The Converse All Star Chucks have canvas uppers for a more lightweight and breathable feel with metal eyelets for enhanced durability as well as the white signature rubber toe cap and a great quality vulcanized rubber sole for enhanced strength, stability, and durability.

But Chucks don’t offer much in the way of durability. The bottom material in these shoes often wears out. Holes are known to form in the thin soles and cupping at the stitching on both sides near the toe box separates your upper from your lower.

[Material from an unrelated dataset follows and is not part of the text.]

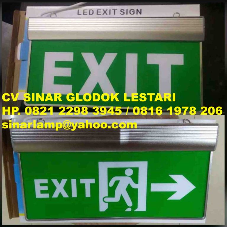 Lampu Emergency LED Exit adalah lampu emergency exit led mika model gantung dengan kualitas terbaik, menggunakan lampu LED dan battery emergency slim dengan acrylic tebal tapi sangat ringan, lampu tetap menyala bila listrik PLN padam, bacaan exit atau legend gambar orang lari, gambar 2 sisi bolak balik, sangat mudah dalam pemasangan, biasa di pakai untuk tanda arah keluar dari suatu gedung.
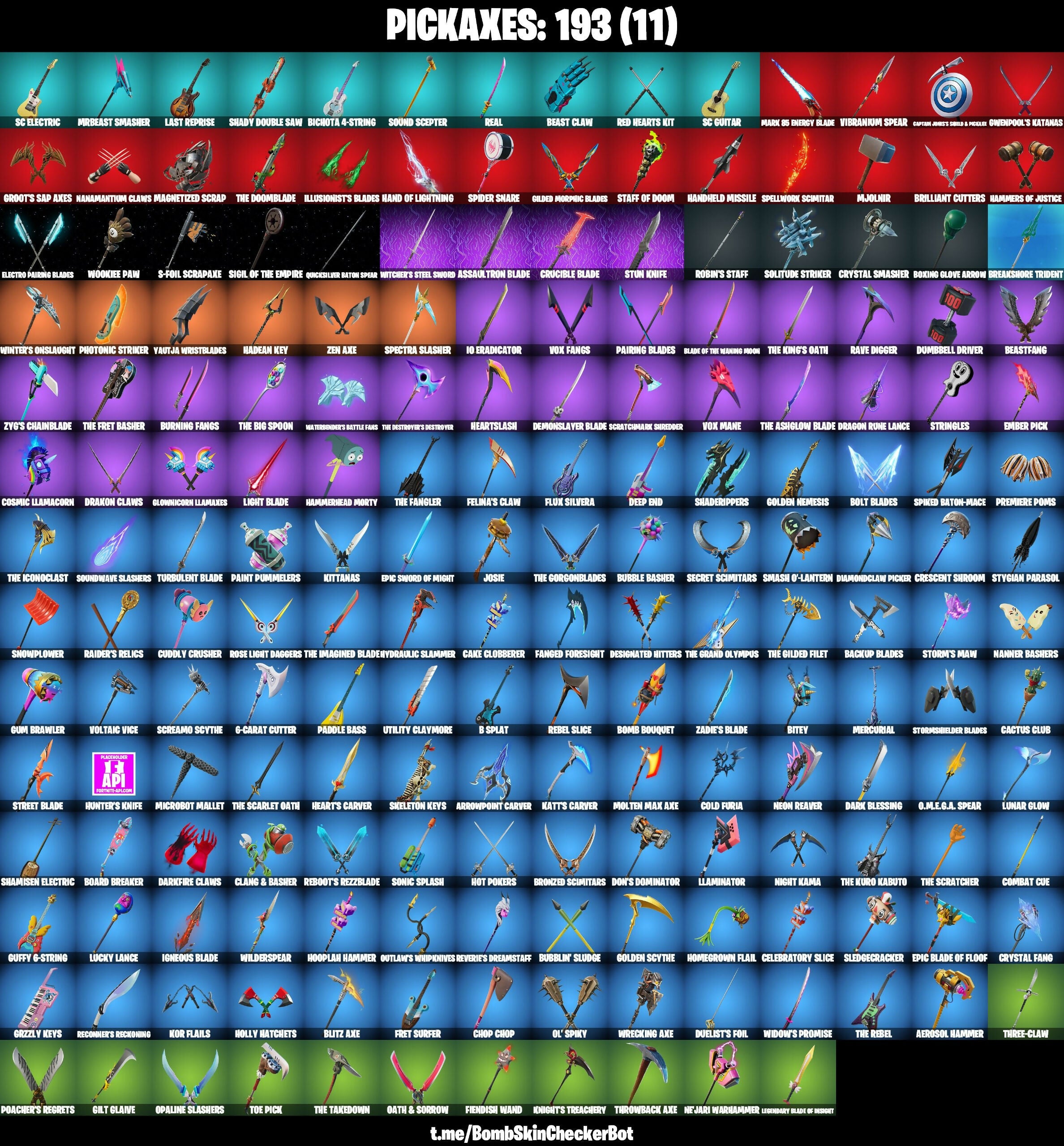 (Shift!), 1-Ball, 6-Carat Cutter, Adira, Aerosol Hammer, Aftermath, Alley Hangout, Aphrodite, Arrowpoint Carver, Asmr Keys, Assaultron Blade, Avatar's Flourish, Aw, Shucks., Ayla Winn, B Splat, Backup Blades, Balance Board, Ballsy, Beast Claw, Beastfang, Bichota 4-String, Bike To Go, Birdarang Flourish, Bitey, Blade Of The Waning Moon, Blitz Axe, Blitz Knight, Blowin' Up, Board Breaker, Bolt Blades, Bomb Bouquet, Bonde Do Brunão, Bonejamin, Boogie Down, Boomin', Bow Go, Boxing Glove Arrow, Breakpoint, Breakshore Trident, Brilliant Cutters, Brite Moves, Brite Raider, Bronzed Scimitars, Bruno Mars, Bubble Basher, Bubblin' Sludge, Burning Fangs, Cactus Club, Cake Clobberer, California Love, Captain Clamerica, Captain Jones, Card Drop, Cauldron Chill, Celebratory Slice, Cerberus, Chaos Director, Charlotte, Choice Knit, Chop Chop, Chrome Punk, Clang & Basher, Clark Kent, Clean Sweep, Codsworth's Cleanop, Cold Furia, Combat Cue, Conch Call, Controller Crew, Cosmic Llamacorn, Crescent Shroom, Crowning Achievement, Crucible Blade, Crystal Fang, Crystal Smasher, Cuddly Crusher, Curling Iron, Cyclo Curl, Dagger Dance, Dali, Dare, Dark Blessing, Darkfire Claws, Darth Vader, Deep End, Demonslayer Blade, Designated Hitters, Diamond Diva, Diamond Throne, Diamondclaw Picker, Die With A Smile Bruno, Disassemble, Dizzie, Do The 'Split, Doctor Doom, Doctor Slone, Don's Dominator, Doom, Doom Slayer, Doom's Domain, Doze Dab, Dragon Rune Lance, Drakon Claws, Drakon Steel Hybrid, Dude, Duelist's Foil, Dumbbell Driver, Dusty, Dynamo Tntina, D’Ark, Electro Pairing Blades, Ember Pick, Emma Frost, Epic Blade Of Floof, Epic Sword Of Might, Evie, Evil Plan, Fabio Sparklemane, Fanged Foresight, Felina, Felina's Claw, Festival Phaedra, Fiendish Wand, Fire Show, Fireworks Salvo, Fist Bump, Flashback Breakdown, Flux Silvera, Focused, Foil Flex, Fret Surfer, Frozone's Stunt, Galaxia, Galaxian, Geralt Of Rivia, Get Schwifty, Gilded Morphic Blades, Gildhart, Gilt Glaive, Gloss, Glownicorn Llamaxes, Golden Nemesis, Golden Scythe, Good Game, Well Played, Good Guy, Green Arrow, Grizzly Keys, Groot, Groots Sap Axes, Guffy 6-String, Guggimon, Guild, Gum Brawler, Gumbo, Gun Show, Gwen-Step, Gwenpool, Gwenpool's Katanas, Hadean Key, Hammerhead Morty, Hammers Of Justice, Hand Of Lightning, Handheld Missile, Haven, Haylee Skye, Heart Sign, Heart's Carver, Heartburst, Heartslash, Hellfire Dance, Holiday Boxy, Holly Hatchets, Homegrown Flail, Hooplah Hammer, Hope, Hot Pokers, Hunter's Knife, Hydraulic Slammer, Hype!, Hypnot-Eyes, I'm A Mystery, Igneous Blade, Igni Sign, Illusionist's Blades, Imperial March, In Da Party, Indiana Jones, Io Eradicator, It Is Finished, J Balvin, Jennifer Walters, Jet Signals, Joey, Jonesy The First, Joni The Red, Josie, Juri Slide, Katt, Keri Commander, Kick Back, Killswitch, Kittanas, Knife Sharpener, Knight's Treachery, Kondor, Kor, Kor Flails, Korra, Krisabelle, Kymera, Lana Llane, Last Reprise, Leafy Longboardin', Legendary Blade Of Insight, Light Blade, Lightrider, Lil Split, Lil' Longboat, Lil' Monster, Lil' Prancer, Lil' Saucer, Lil' Warthog, Limber Up, Llaminator, Love It!, Lt. John Llama, Lucky Lance, Lunar Charge, Lunar Glow, Lunar Party, Magnetized Scrap, Make A Seat, Malik, Mancake, Mandalorian, Marika, Mark 85 Energy Blade, Massai, Mave, Mecha Strike Commander, Medusa, Megalo Don, Members Only, Meowdas, Mercurial, Mezmer, Microbot Mallet, Mini Doofight, Mini Slayer Fistbump, Mjolnir, Molten Max Axe, Montague, MrBeast6000, Mrbeast Smasher, Mwahaha, Mysterio, Mysterious Magic Trick, Mystique, Nailed It, Nanner Bashers, Nanomantium Claws, Nefari Warhammer, Neon Reaver, Never Gonna, Nezumi, Night Kama, Ninja Stance: Donnie, Ninja Stance: Leo, Ninja Stance: Mikey, Ninja Stance: Raph, Nisha, Nitro Fueled, O.M.E.G.A. Diagnostic, O.M.E.G.A. Spear, O.M.E.G.A. Suit Alpha, Oath & Sorrow, Ol' Spiky, Omegarok, Opaline Slashers, Oscar, Out West, Outlaw's Whipknives, Paddle Bass, Paint Pummelers, Pairing Blades, Parade Riffs, Party Hips, Pea Part Harmony, Peabody, Peel Out, Peelverine, Peter Griffin, Phaedra, Photonic Striker, Pizza Party, Poacher's Regrets, Pokey-Tar, Polar Peely, Polus, Popular Vibe, Poseidon, Predator, Premiere Poms, Pump Up The Jam, Purr-Demonium, Quicksilver Baton Spear, Raiders Relics, Rap Boy, Rave Digger, Raven's Legion, Real, Real Slim Shady, Rebel Slice, Reboot Man, Reboot's Rzzblade, Reconner's Reconning, Red Hearts Kit, Reese, Renegade Lynx, Reverie, Reverie's Dreamstaff, Rezzblocks, Rhythm Of Chaos, Rick Sanchez, Ringmaster Scarr, Robin, Robin's Staff, Rock Paper Scissors, Rogue Spider Knight, Ronin, Rose Light Daggers, Runway Racer, Rushin' Around, Rust, S-Foil Scravase, Sabina, Sabrina Carpenter, Sc Electric, Sc Guitar, Scratchmark Shredder, Screamo Scythe, Secret Scimitars, Seeker, Selene, Serpentine Summoning, Sgt. Green Clover, Shadebox, Shaderippers, Shady Double Saw, Shamisen Electric, Shanta, Shaolin Sit-Up, Shuri, Shuriken Spinner, Sigil Of The Empire, Sing Along, Ska-Stra-Terrestrial, Skatemonster, Skeleton Keys, Skull Scout, Sledgecracker, Slim Shady, Smash O'-Lantern, Snackin', Snap, Snowplover, Solid Snake, Solitude Striker, Sonia, Sonic Splash, Sonor, Sound Scepter, Soundwave Slashers, Spectra Knight, Spectra Slasher, Spellwork Scimitar, Spider Snare, Spiked Baton-Mace, Staff Of Doom, Stand Surfer, Standing Bow, Starlit, Steady, Storm, Storm's Maw, Stormfarer, Stormshielder Blades, Street Blade, Street Wave Teknique, Stringles, Stun Knife, Stygian Parasol, Summer Skye, Sunny, Surfin' Bird, Sweet Swing, Symbol Of Peace, Synth Step, Synthwave, T-60 Power Armor, Tagger's Groove, Take A Bow, Targeted Focus, Tempest Flight, Tess, The Ashglow Blade, The Big Spoon, The Brat, The Break, The Break Shot, The Burning Wolf, The Destroyer's Destroyer, The Dip, The Doomblade, The Fangler, The Fret Basher, The Gilded Filet, The Gorgonblades, The Grand Olympus, The Iconoclast, The Imagined Blade, The King's Oath, The Kuro Kabuto, The Machinist, The Rebel, The Rick Dance, The

So Vans are clearly superior when it comes to durability and so Vans get the points. Their thick sole, separate toe box material, and sturdy construction all makes for pretty resilient shoes.

I think Vans actually increase in appeal because the dirtier they look, the more appeal they have, but you can tell that durability is key to Vans.

Do Converse and Vans have premium versions?

Like I said earlier, Converse and Vans also have premium lines of sneakers as well where they use more premium materials and leathers.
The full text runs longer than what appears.